Start by creating a new file

touch workflows/first.py

This directory has been marked in the configuration file as the location to look for workflows and tasks. Begin by importing some of the libraries that we’ll need for this example.

from __future__ import absolute_import
from __future__ import division
from __future__ import print_function

import urllib.request as _request

import cv2
from flytekit.common import utils
from flytekit.sdk.tasks import python_task, outputs, inputs
from flytekit.sdk.types import Types
from flytekit.sdk.workflow import workflow_class, Output, Input

From there, we can begin to write our first task.
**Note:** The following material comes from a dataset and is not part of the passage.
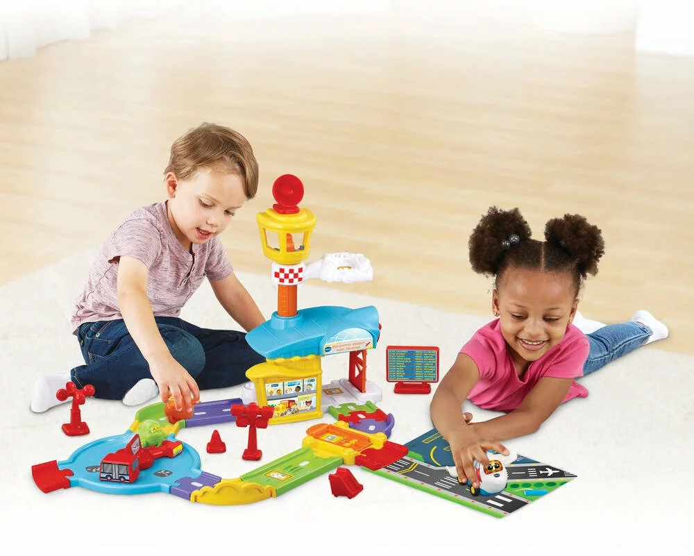 Mon premier aéroport super décollage (+Eliot super pilote) – 1 – 5 ans Un aéroport complet avec de nombreux éléments de jeu pour faire voyager les Tut Tut Bolides. Le véhicule électronique inclus, « Eliot super pilote », déclenche des phrases, des chansons et des sons amusants lorsqu’il passe sur les 5 zones magiques. La piste de décollage permet aux Tut Tut Bolides de s’élancer dans les airs. Une zone d’embarquement, une tour de contrôle avec plateforme tournante et de nombreux accessoires inclus dont 2 avions pour prolonger le jeu. 3 chansons et 6 mélodies entraînantes. Se connecte aux univers Tut Tut Bolides et Tut Tut Animo.

It should look something like this.

@inputs(image_location=Types.String)
@outputs(parsed_image=Types.Blob)
@python_task
def edge_detection_canny(wf_params, image_location, parsed_image):
    with utils.AutoDeletingTempDir('test') as tmpdir:
        plane_fname = '{}/plane.jpg'.format(tmpdir.name)
        with _request.urlopen(image_location) as d, open(plane_fname, 'wb') as opfile:
            data = d.read()
            opfile.write(data)

        img = cv2.imread(plane_fname, 0)
        edges = cv2.Canny(img, 50, 200)  # hysteresis thresholds

        output_file = '{}/output.jpg'.format(tmpdir.name)
        cv2.imwrite(output_file, edges)

        parsed_image.set(output_file)

Some of the new concepts demonstrated here are:

  • wf_params: The first argument to a python task is a Flyte SDK defined object that offers handlers like logging.
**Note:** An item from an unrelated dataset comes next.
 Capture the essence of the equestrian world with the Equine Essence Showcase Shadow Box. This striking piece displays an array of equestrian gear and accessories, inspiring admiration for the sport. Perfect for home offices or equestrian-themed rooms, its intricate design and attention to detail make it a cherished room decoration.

  • Inputs and outputs are first defined in the decorator, and then passed into the argument of the function. Note that the names in the function signature need to match those in the decorator arguments.

  • A Blob is a Flyte Kit type that represents binary data. It is used to offload data to a storage location like S3. Here we use it to store an image.

Writing a Workflow

Next you need to call that task from a workflow. In the same file, add these lines.

@workflow_class
class EdgeDetectorWf(object):
    image_input = Input(Types.String, required=True, help="Image to run for")
    run_edge_detection = edge_detection_canny(image_location=image_input)
    edges = Output(run_edge_detection.outputs.parsed_image, sdk_type=Types.Blob)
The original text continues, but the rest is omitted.